### Task details
Go to the line holding "Weaveモバイルアプリは、" in the data below and repeat it exactly, then each line after it up to and including the one holding "Este domingo, 7". Omit pictures.

### Data section
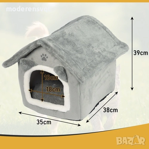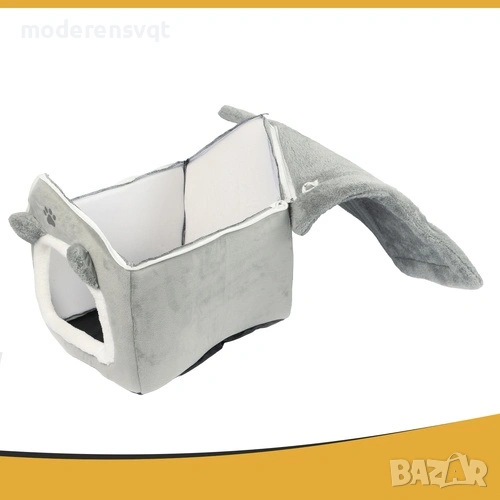 2 в 1 кучешка къщичка и легло в един комплект - Комплектът включва къщичка с мека възглавница - котката може да се скрие в нея или да се разпростре отгоре, избирайки перфектната позиция за дрямка.
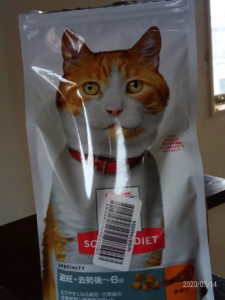 カリカリのパッケージの猫、顔つきがタイガーさんに似ていない?真正面から撮ると似てると思うんだけどな。
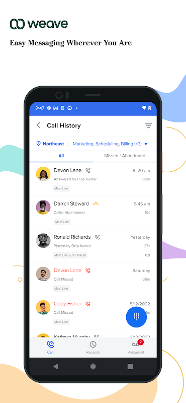 Weaveモバイルアプリは、お使いの診療管理ソフトウェア/EHR、そしてWeaveのオフィスアプリと同期しており、スマートフォンからシームレスに診療を管理するために必要なすべての情報とツールを提供します。非常に使いやすく便利で、スマートな働き方を実現します。
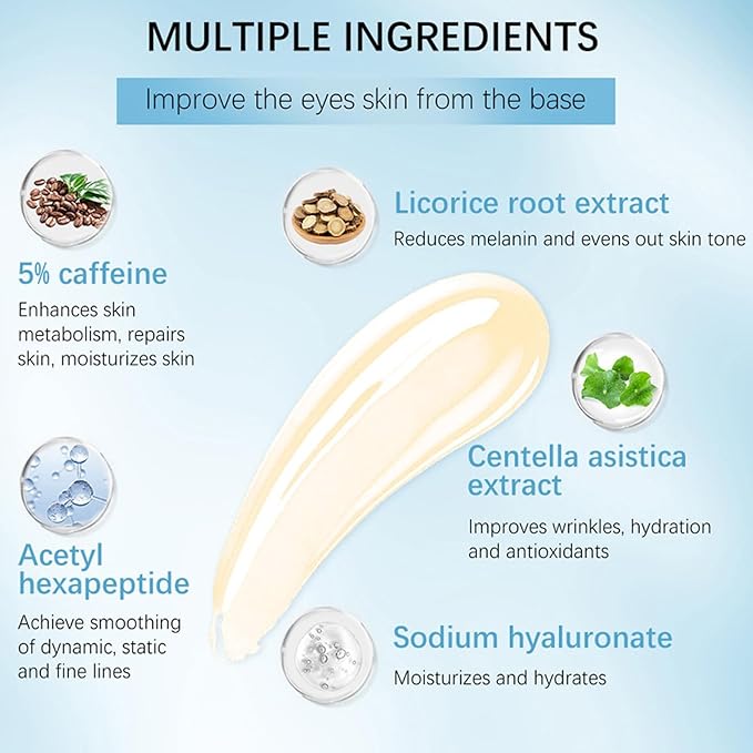 - Moisturizing Eye Cream:Our caffeine eye cream is formula with multiple moisturizing ingredient,like Centella asistica extract,Sodium hyaluronate,Acetyl hexapeptide ,the ingredient is excellent in moisturizing ,hydrating skin and improving wrinkle and fine lines
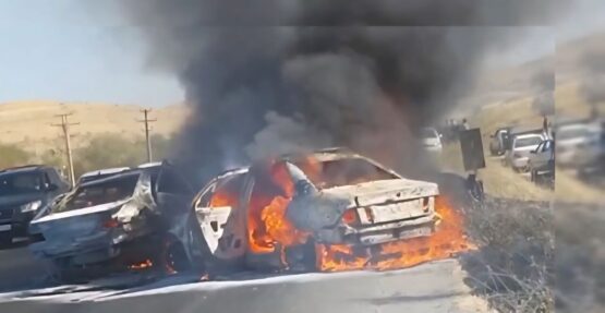 آتشسوزی بر اثر تصادف زنجیرهای در محور سقز-بوکان/ یک فوتی و هشت مصدوم+فیلم
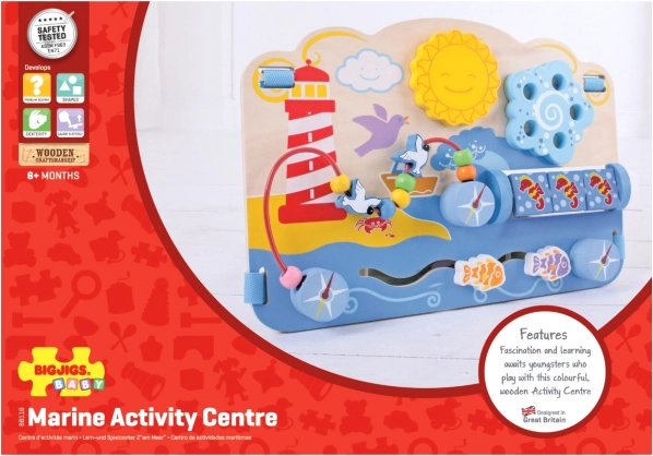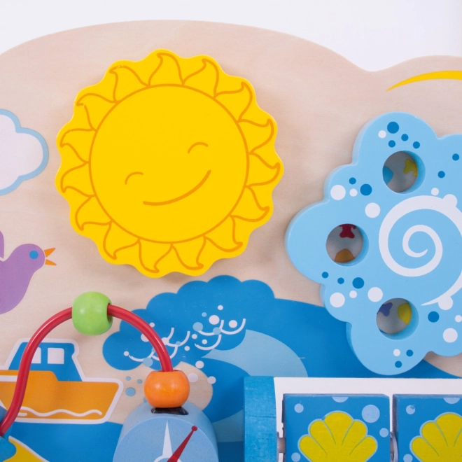 Αυτή η ξύλινη ενεργή σανίδα με ναυτικό θέμα προσφέρει στα παιδιά μια πλούσια γκάμα δραστηριοτήτων: περιστρεφόμενο λαβύρινθο, γυροσκοπικούς ιππόκαμπους, συρόμενα ψαράκια και σύρμα με χάντρες και γλάρους. Κάθε στοιχείο έχει σχεδιαστεί ώστε να υποστηρίζει τη φυσική ανάπτυξη δεξιοτήτων, την υπομονή και τη συγκέντρωση. Με τις ρυθμιζόμενες βάσεις στήριξης, η σανίδα στερεώνεται με ασφάλεια και στην κούνια, προσφέροντας στο μωρό πλούσια ερεθίσματα σε απόσταση αφής.
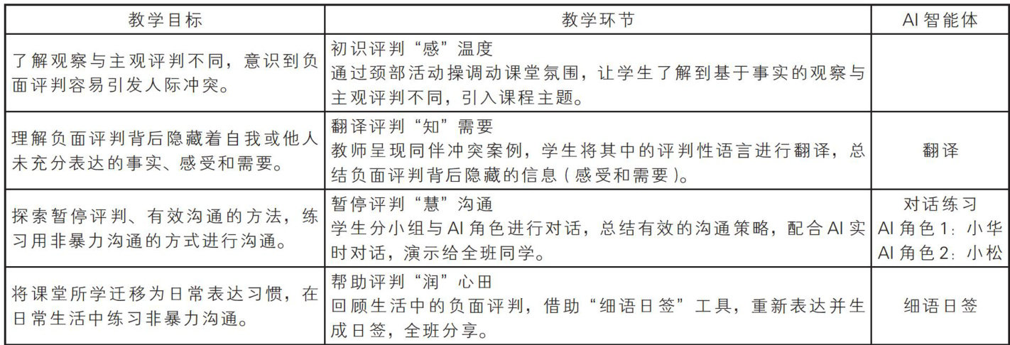 摘要:针对以往心理课堂中学生耻于参与角色扮演、教师难以兼顾学生个性化需求及认知与行为割裂的问题,教师借助Coze平台开发AI专用智能体、设计《话予春风》应用,包含学习、翻译、对话练习和生成日签四大功能模块。该应用在“如果‘评判’有翻译”一课中的实践表明,AI智能体赋能的心理课堂构建了安全、可控的学习环境,显著提升了学生的课堂参与感,推动了基于非暴力沟通四要素的人际沟通技能从认知理解到行为塑造的转化。
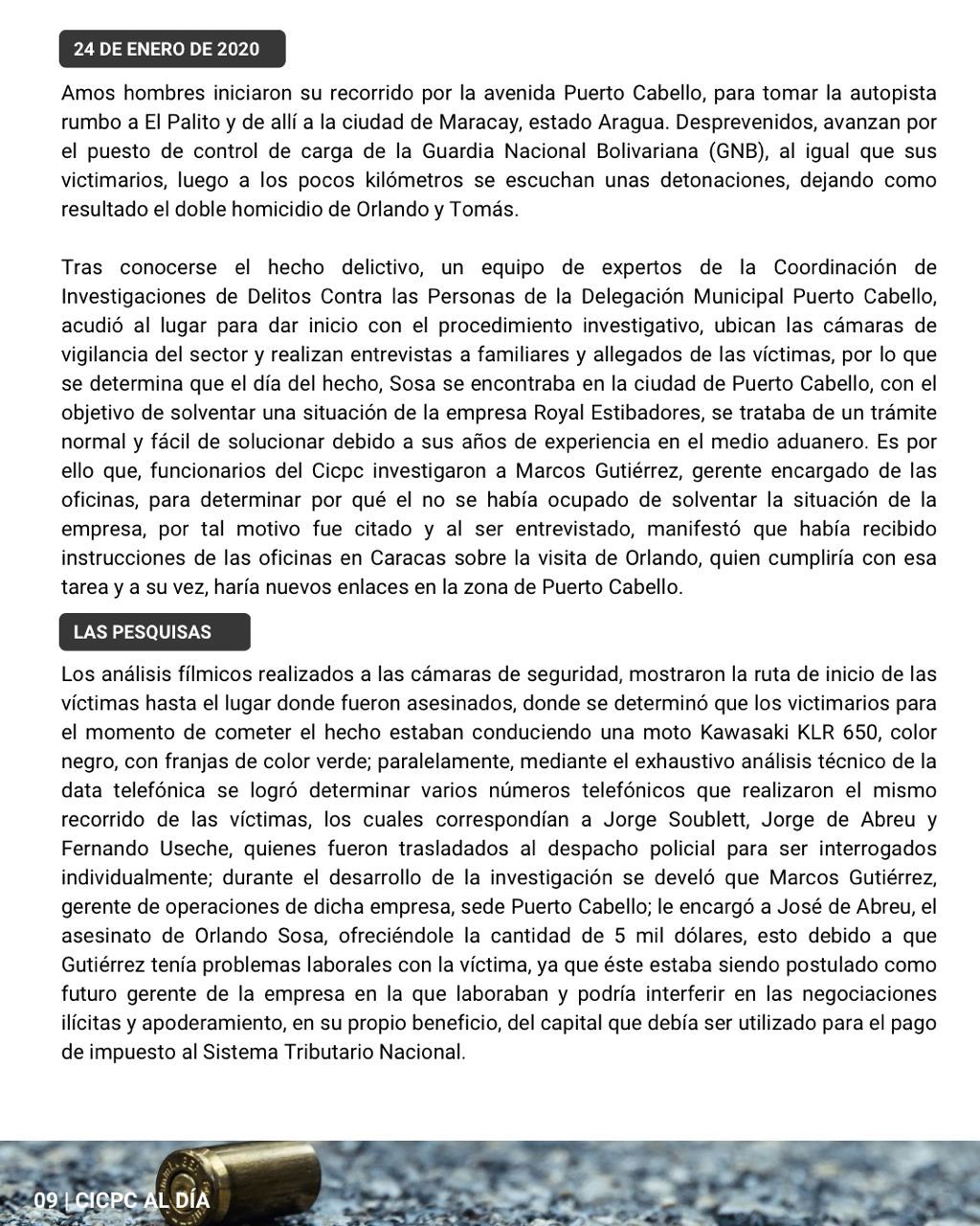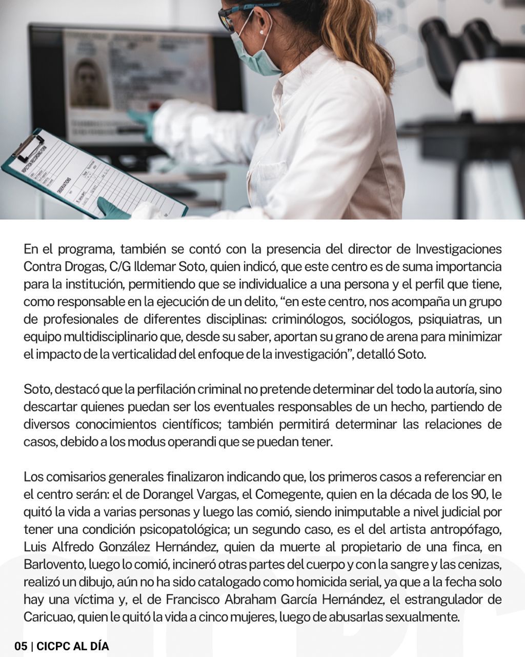 Este domingo, 7 de julio, el Cuerpo de Investigaciones Científicas, Penales y Criminalísticas (CICPC) difundió la edición N° 170 de su Boletín CICPC Al Día, con el próposito de mostrar el trabajo que realiza la polícia científica en el país.
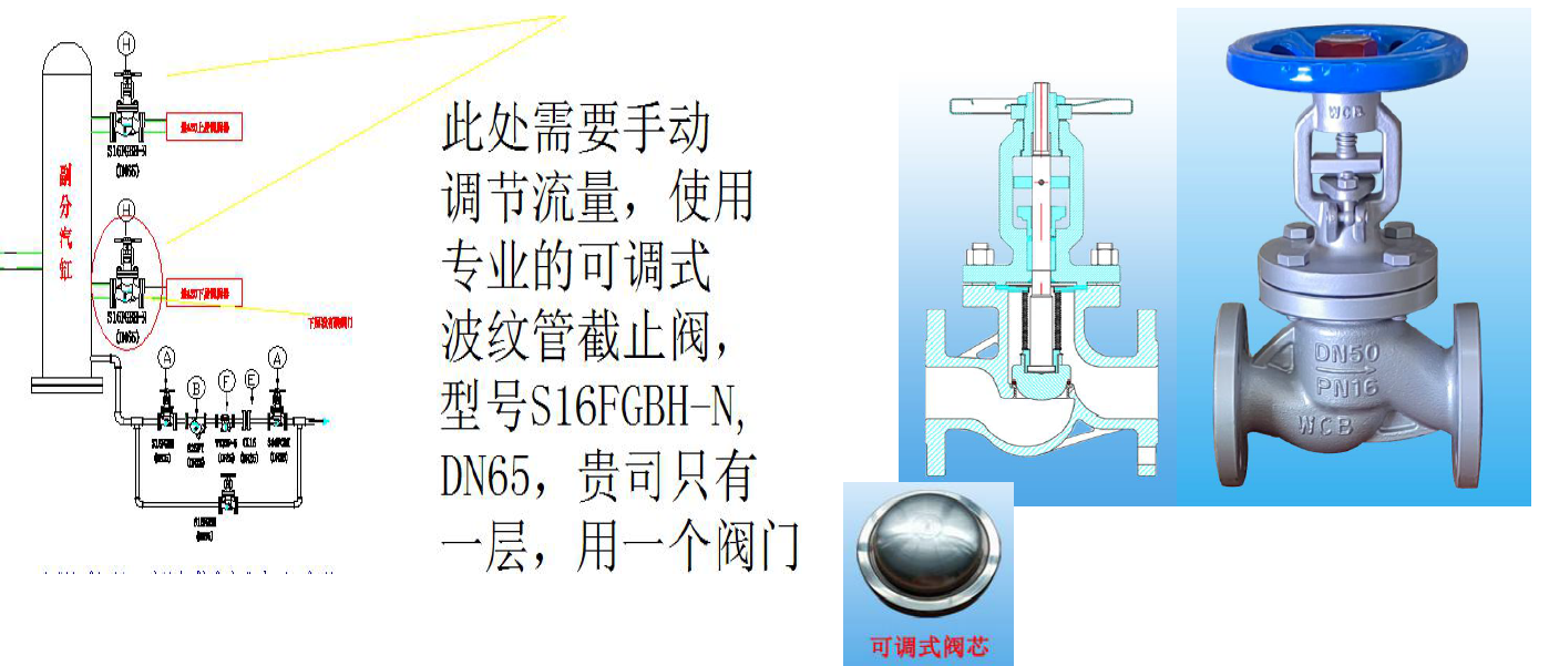 A、若采用手動調質,則建議選用way’s可調式波紋管截止閥S16FGBH-N或S25FGB-N,可手動等百分比調節流量,這是專門給這種工況設計的型號。
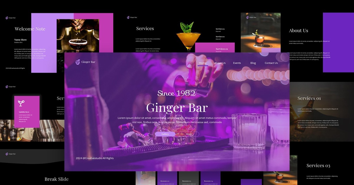 Ginger Bar Google Slides 模板适用于酒吧和休息室演示模板。采用色彩鲜艳、充满活力的设计,让您的演示脱颖而出,成为高品质的品牌演示资产。
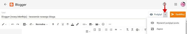 ostatnio, że w inny sposób Blogger pokazuje opcję "zapisz" (widać to
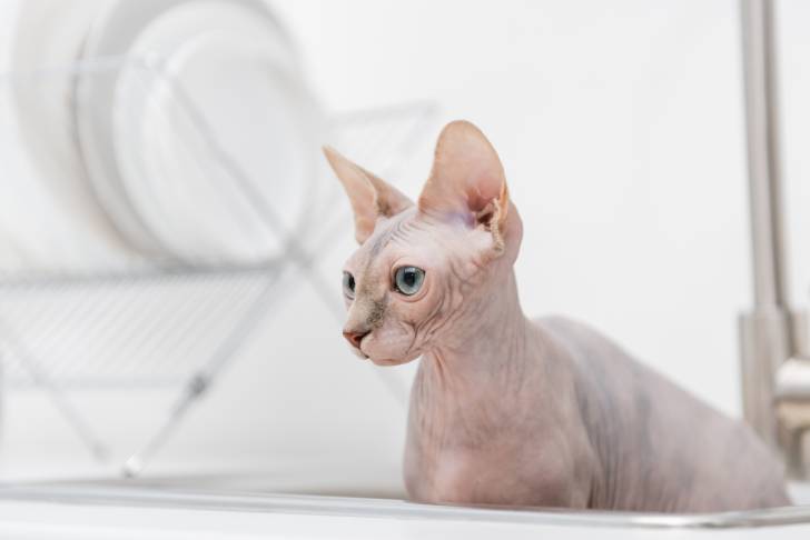 Un chaton Sphynx prend un bain
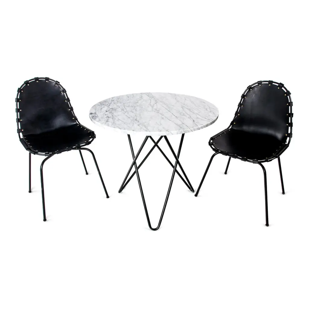 The Dining O Table was designed by Dennis Marquart, the designer and co-founder of OX Denmarq. The contrasts of different materials and surfaces are essential elements in Marquart’s design. The round marble top and slender metal frame provide the dining space with a touch of luxury and go beautifully together with many types of dining chairs. The white, Italian Carrara marble is characterized by gray veins crossing the white stone, and small details such as cracks are also part of its natural character. The marble top is attached to the frame with screws.
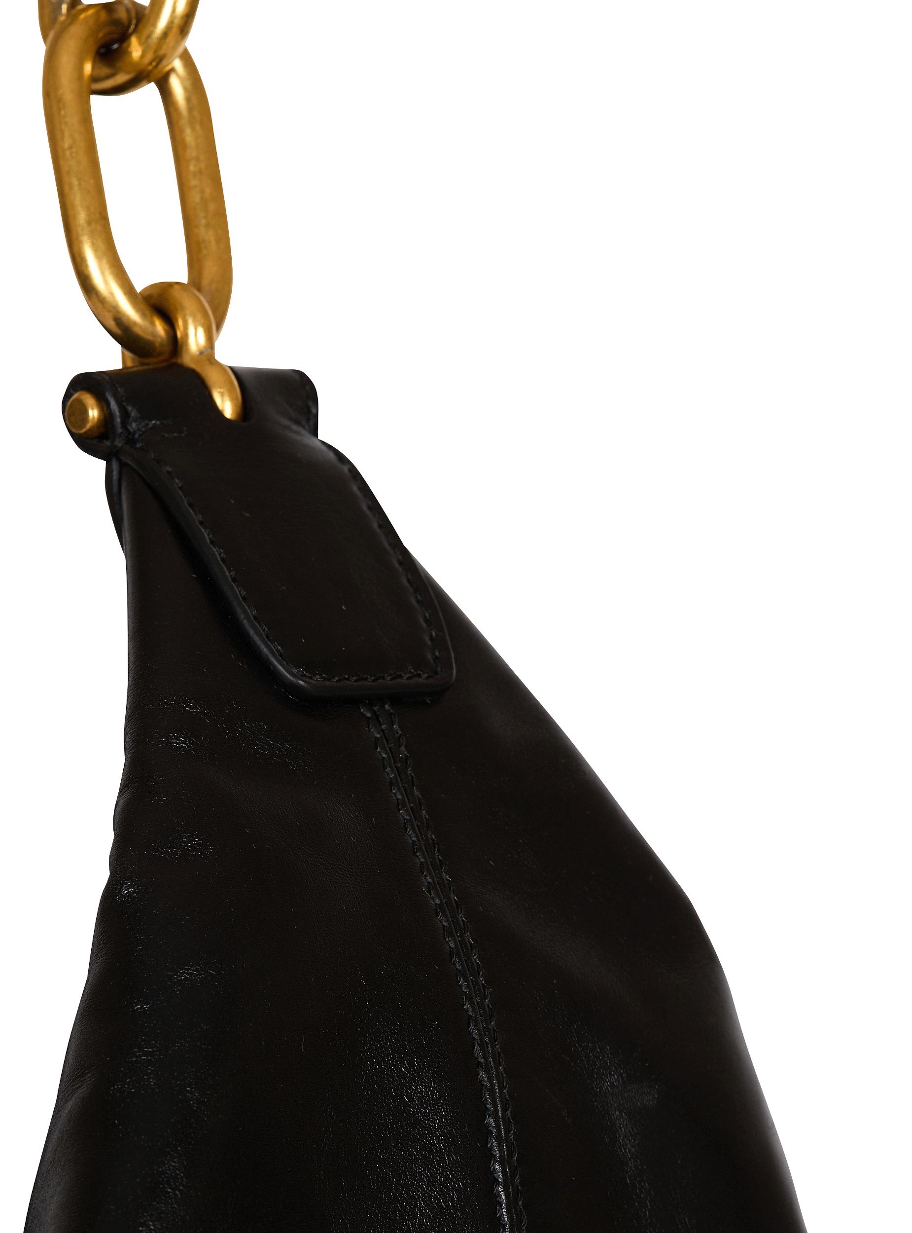 Sync Hobo bag in calfskin leatherSoft leatherCarry in the hand or wear on the shoulderChain handleLeather tab with PB-engraved metal lockGolden Balmain Paris logo embossed on the frontMagnetic fasteningInside patch pocketEmbossed leather inside card pocketCanvas liningGold hardwareDimensions: 11 x 32 x 25 cmMain material: 100% calfskinMade in ItalyItem: FN1BT003LBFO
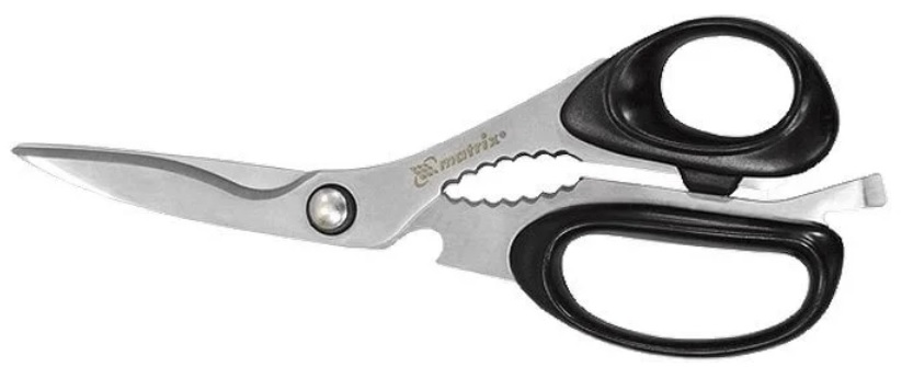 În plus, foarfecele Multidom sunt echipate cu un deschizător și un spărgător de nuci. Piesa de lucru este realizata din otel inoxidabil rezistent la coroziune. Lamele au o zonă zimțată. Mânerele produsului sunt fabricate din polipropilenă. Costul mediu este de - 163 de ruble.
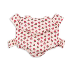 Miękka i przytulna lalka ubrana w uroczy zestaw z organicznej bawełny, w skład którego wchodzą bluzka i spodnie. Łatwa do zakładania i zdejmowania przez dziecko.

### Output for this task
 Weaveモバイルアプリは、お使いの診療管理ソフトウェア/EHR、そしてWeaveのオフィスアプリと同期しており、スマートフォンからシームレスに診療を管理するために必要なすべての情報とツールを提供します。非常に使いやすく便利で、スマートな働き方を実現します。
 - Moisturizing Eye Cream:Our caffeine eye cream is formula with multiple moisturizing ingredient,like Centella asistica extract,Sodium hyaluronate,Acetyl hexapeptide ,the ingredient is excellent in moisturizing ,hydrating skin and improving wrinkle and fine lines
 آتشسوزی بر اثر تصادف زنجیرهای در محور سقز-بوکان/ یک فوتی و هشت مصدوم+فیلم
 Αυτή η ξύλινη ενεργή σανίδα με ναυτικό θέμα προσφέρει στα παιδιά μια πλούσια γκάμα δραστηριοτήτων: περιστρεφόμενο λαβύρινθο, γυροσκοπικούς ιππόκαμπους, συρόμενα ψαράκια και σύρμα με χάντρες και γλάρους. Κάθε στοιχείο έχει σχεδιαστεί ώστε να υποστηρίζει τη φυσική ανάπτυξη δεξιοτήτων, την υπομονή και τη συγκέντρωση. Με τις ρυθμιζόμενες βάσεις στήριξης, η σανίδα στερεώνεται με ασφάλεια και στην κούνια, προσφέροντας στο μωρό πλούσια ερεθίσματα σε απόσταση αφής.
 摘要:针对以往心理课堂中学生耻于参与角色扮演、教师难以兼顾学生个性化需求及认知与行为割裂的问题,教师借助Coze平台开发AI专用智能体、设计《话予春风》应用,包含学习、翻译、对话练习和生成日签四大功能模块。该应用在“如果‘评判’有翻译”一课中的实践表明,AI智能体赋能的心理课堂构建了安全、可控的学习环境,显著提升了学生的课堂参与感,推动了基于非暴力沟通四要素的人际沟通技能从认知理解到行为塑造的转化。
 Este domingo, 7 de julio, el Cuerpo de Investigaciones Científicas, Penales y Criminalísticas (CICPC) difundió la edición N° 170 de su Boletín CICPC Al Día, con el próposito de mostrar el trabajo que realiza la polícia científica en el país.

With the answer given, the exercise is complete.